APDESI MUHASABAH KE BALI !!! IKADES BOJONG ANGKAT BICARA ???

oleh -2 views

Pandeglang – Hampir setengahnya dari 326 jumlah Kepala Desa di Kabupaten Pandeglang Provinsi Banten belum lama ini melakukan kunjungan obsevasi dengan Daerah tujuan Desa Kutuh Kecamatan Kuta Selatan Kabupaten Badung Bali,Kunjungan dalam konteks Muhasabah (melakukan evaluasi menuju kearah perbaikan dalam koridor Pemerintahan.Red) atau bimtek atau istilah lain studi banding di motori langsung oleh Asosisasi Pemerintah Desa Seluruh Indonesia (Apdesi) Kabupaten Pandeglang.dari kunjungan tersebut beberapa narasumber dengan berbagai sudut pandangnya memberikan komentar beragam mulai dari sisi negative seperti penghamburan biaya yang sia-sia atau sebaliknya bahwa Muhasabah ke Pulau Dewata dirasa perlu lantaran untuk membangun suatu Pemerintaha Desa yang maju dan mandiri perlu melakukan obsevasi guna menyempurnakan kekurangan yang ada selama ini.

“Awal pekan lalu (23/9/19) Salah satu Peserta yaitu Ade Marji Kepala Desa Banyumas sekaligus Ketua Ikatan Kepala Desa (Ikades) Kecamatan Bojong Kabupaten Pandeglang mengatakan bahwa hasil dari muhasabah tersebut memiliki manfaat yang luar biasa terutama dari segi pembangunan yang spesifikasinya pada sumber daya manusia (SDM) contohnya dari sektor Pariwisata, Ekonomi,dan bidang lainnya’Kenapa Pariwisata di Bali maju,lantaran di dukung langsung oleh Pemerintah Daerah baik dari segi birokrasi maupun finansial,artinya Pemda setempat memberikan keleluasaan penuh kepada Desa untuk diolah dirawat sekaligus di pertahankan terutama dari segi keasriannya,Adapun soal penghasilan Pemda tidak turut campur bahkan mempersilahkan kepada Desa untuk dimanfaatkan sebaik-baiknya.’ Ungkap Ade.

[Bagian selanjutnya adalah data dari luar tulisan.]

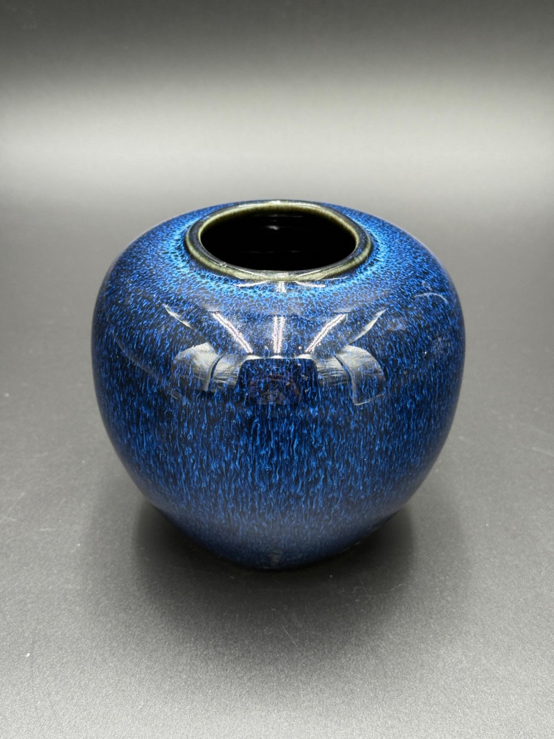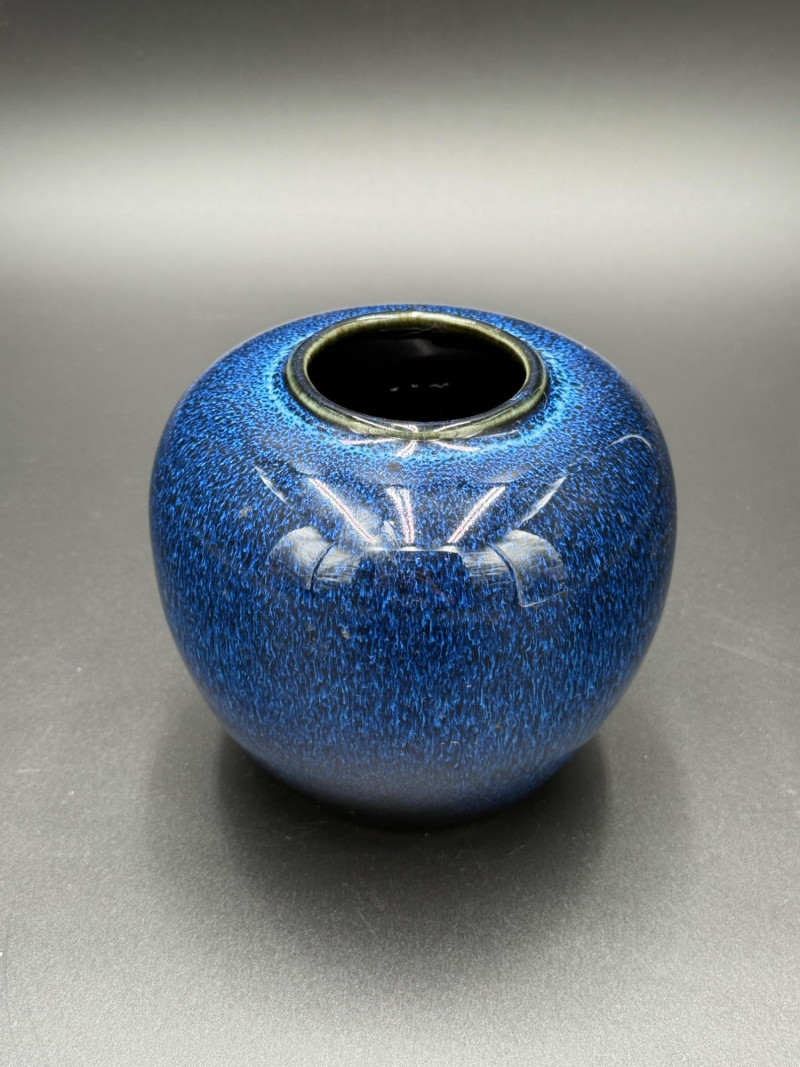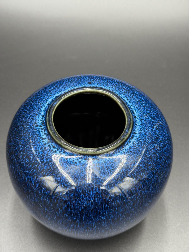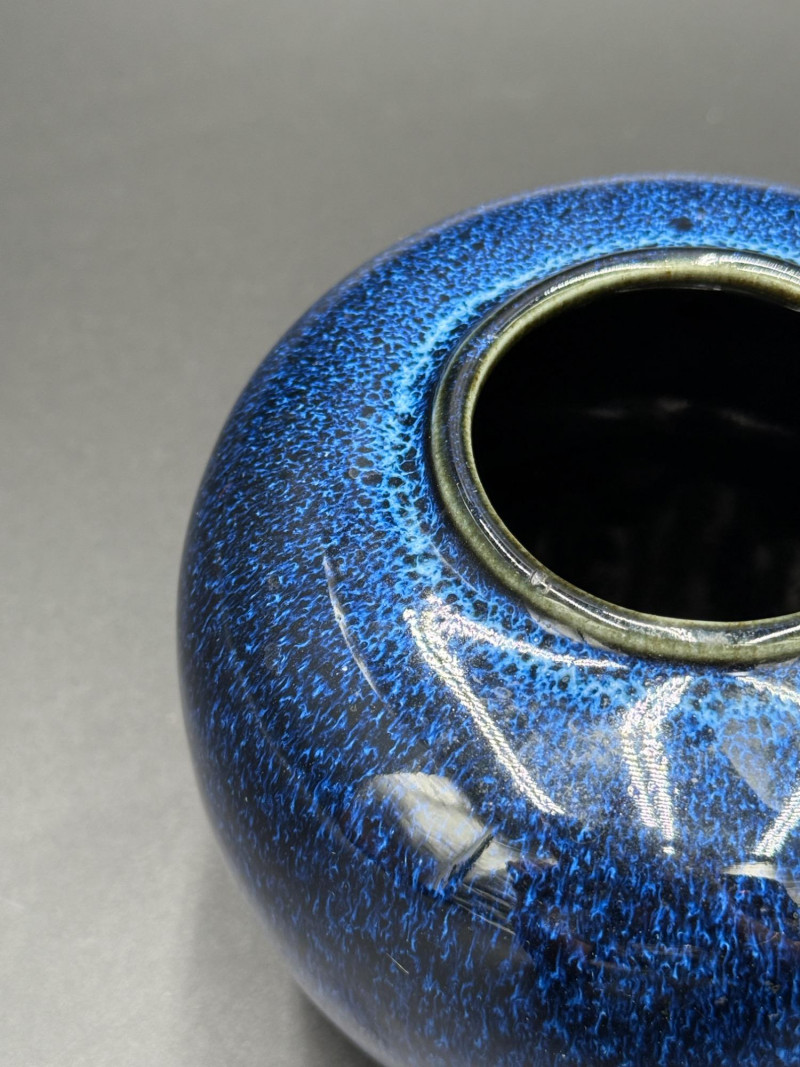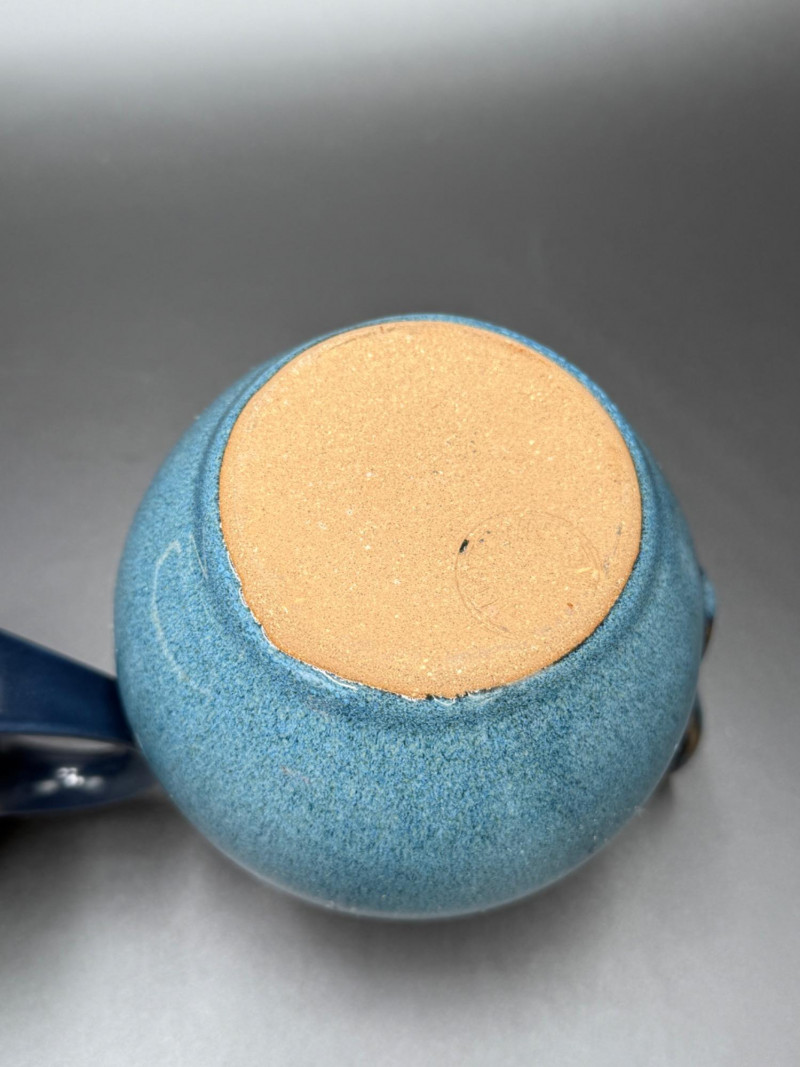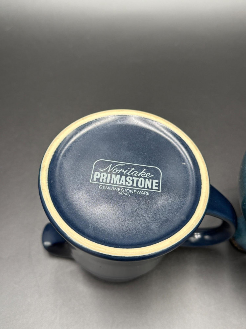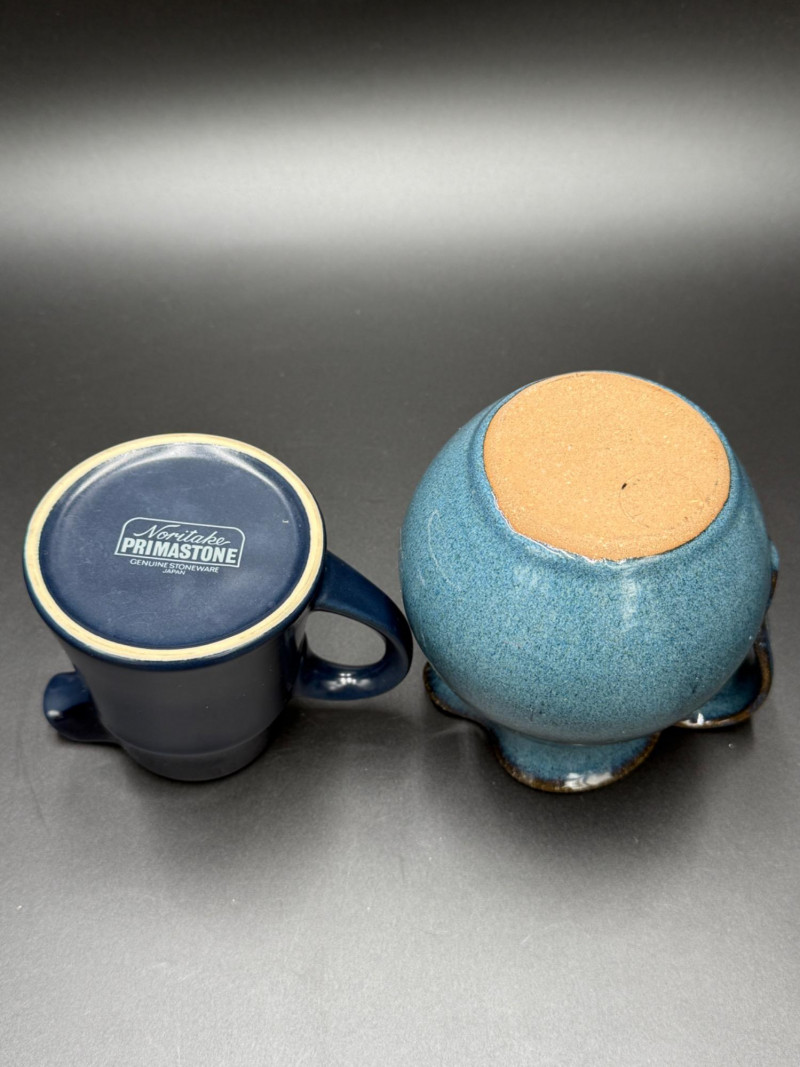 Trio of Studio Art Pottery – Blue Glazed Vases & Pitchers Three blue ceramic pieces including a round vase with narrow opening marked "Made in Japan," a small dark blue pitcher marked "Primastone," and a light blue pitcher with a curved body and unglazed base. Each piece has a blue-toned glaze with variations in finish and shape. Measurements: Round Vase: Approx. 4.5 × 5 inches Dark Blue Pitcher: Approx. 4.25 × 2.5 inches Light Blue Pitcher: Approx. 5.25 × 3.5 inches
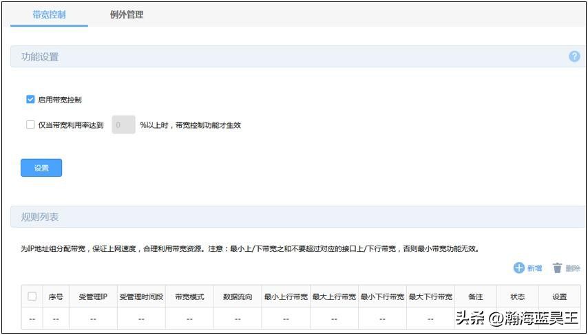 带宽控制功能在“行为管控>>带宽控制”,如下图:
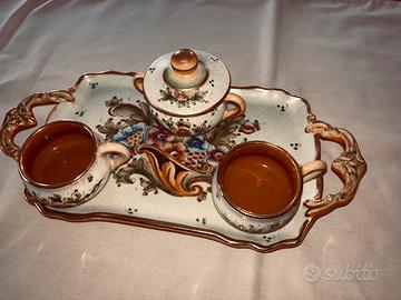Collezione composta da sei pezzi unici cominciando da un pregiato servizio da caffè composto da due tazzine, zuccheriera e vassoio tutti elegantemente decorati con motivi floreali coloratissimi e pregiate finiture in oro.( dimensioni vassoio 33x17 cm).
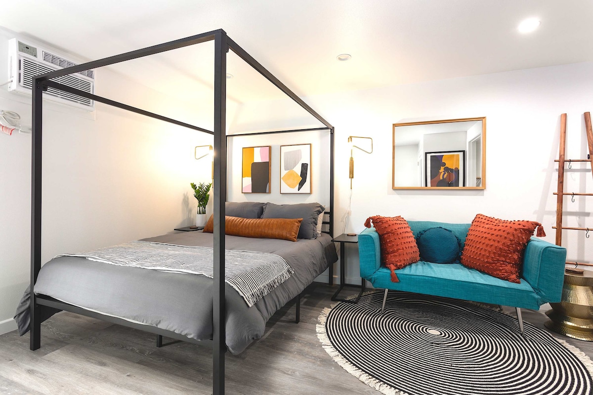 This newly renovated 500 sq. ft. modern Farmhouse Cottage, located in a safe, walkable neighborhood is the ideal getaway for two adults. Featuring a full kitchen and ensuite bathroom, this light, bright space has quartz countertops, wood floors, marble tiled bathroom, brand-new appliances and furnishings. Perfect for the visiting remote worker or traveler, we’re located just one mile from the heart of fashionable Culver City, 6 miles from Santa Monica, and 15 minutes from LAX.
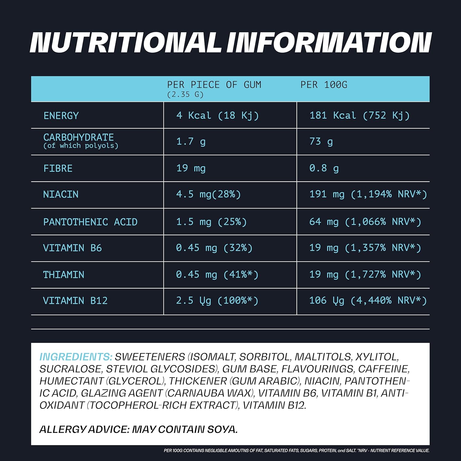 Blockhead Energy Gum (30 Pieces) | 50Mg Fast-Release Caffeine | Informed Sport | Pre Workout & Endurance | Sports Nutrition | Mint Flavoured | Vegan
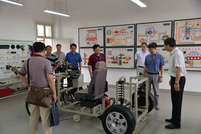 与会嘉宾参观黄冈中学汽车技术教室
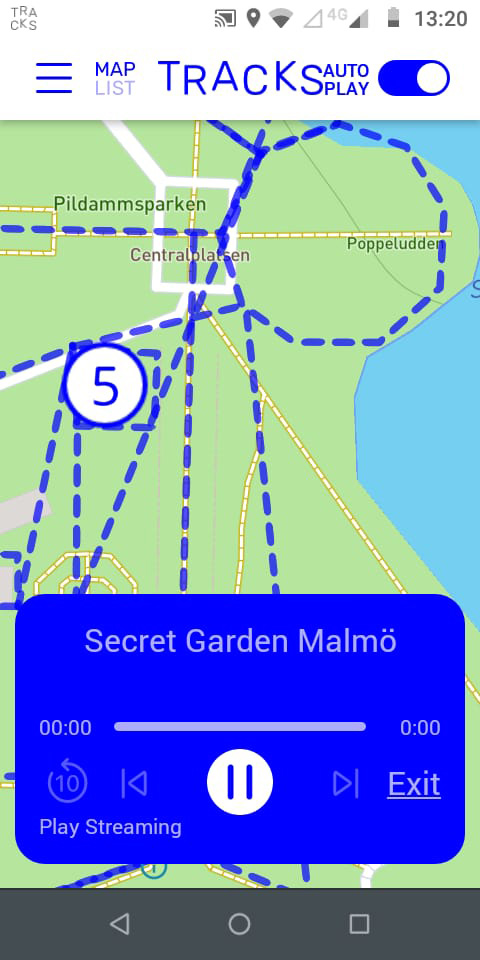 Using Tracks (or Echoes) it is possible to design the piece so that the areas containing audio are visible on the device's screen or not. In Tracks there is also the option of drawing lines on the map, which could be interpreted as the intended route, but they can also be used to define areas which may or may not be linked to the sounding areas. These tools make it possible to encourage various ways of moving through the city and ways of interacting with the sound. A single route through the city where the audio-areas are hidden will encourage a linear reading of the piece, even when it is made out of many fragments or layers. A collection of shapes spread around a neighbourhood will encourage exploration like a treasure hunt. For instance in Secret Garden Malmö I divided a circular area of the park into segments with lines leading to a small circular area in the middle. Approaching this area made all the other sounds fade out to silence, so that the listener could simply hear the live sound of the environment at that point. Defining a larger area of the city with lines could simply define the boundaries of an area to be explored, without the listener needing to look at the screen.
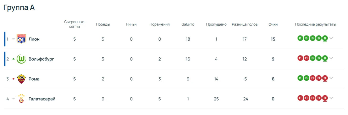 Немецкий клуб уже не сможет побороться за первое место, так как отстает от «Лиона» на 6 очков. А «Рома» не может преодолеть барьер группового этапа второй сезон подряд.
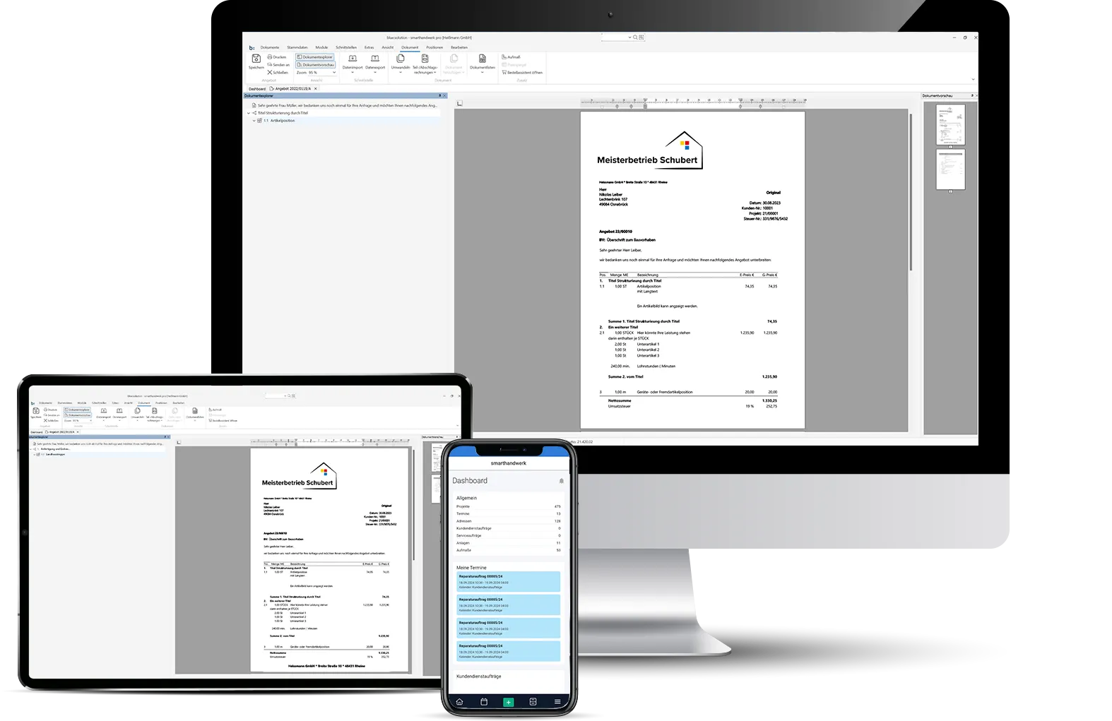 Als Inhaber eines kleinen Handwerksbetriebes verdienen Sie Ihr Geld mit der Arbeit vor Ort beim Kunden und nicht im Büro. Dennoch ist das Schreiben von Angeboten und Rechnungen notwendig. Aber seien wir mal ehrlich: Im stressigen Alltag zeitraubend und lästig. Unsere Handwerkersoftware smarthandwerk schafft Abhilfe und hält Ihnen als Handwerker den Rücken frei.
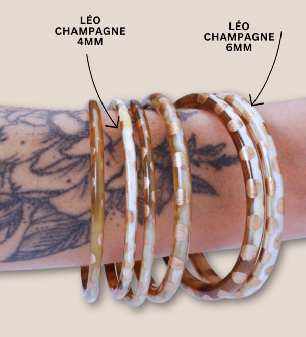 6 mm / peinture champagne / Motif Leo / vernis de protection

“Selanjutnya Ade mengatakan bahwa di Bali ada sebuah Desa yang sama sekali tidak memiliki ketergantungan pada Dana Desa bahkan Dana Desa dianggpnya hanya sebatas stimulant biasa,Pasalnya Desa tersebut bergerak pada sektor SDM bidang pengelolaan Minyak sayur bekas pakai,menurut Ade . Masyarakat mengumpulkannya di sebuah penampungan yang sudah disediakan kemudian di beli oleh pihak Desa lalu jual kembali pada salah satu perusahaan yang bergerak dibidang produksi olie.’Konon katanya untuk proses awal bahwa Minyak sayur bekas ternyata bisa dijadikan bio olie dan itu berjalan secara berkesinambungan.’ Tuturnya

“Satu hal lagi lanjut Ade,dari hasil Program Lembaga Pinjaman Desa (LPD) Desa itu mampu membuat stadion dengan menghabiskan dana Rp 7,5 Milyar Anggaran sejumlah itu hasil dari sebuah mekanisme yang sudah disepakati dan saling menguntungkan.‘Intinya selain kami dibekali materi soal Pembangunan dan menjalankan Pemerintahan Desa oleh pihak Kemendagri,Kemendes,dan DPMPD selaku Narasumber yang di gelar di sebuah Hotel saat itu,juga banyak hal lain yang mampu dijadikan sebagai motivator ketika kami kembali ke Desa masing-masing.’Tandas Ade.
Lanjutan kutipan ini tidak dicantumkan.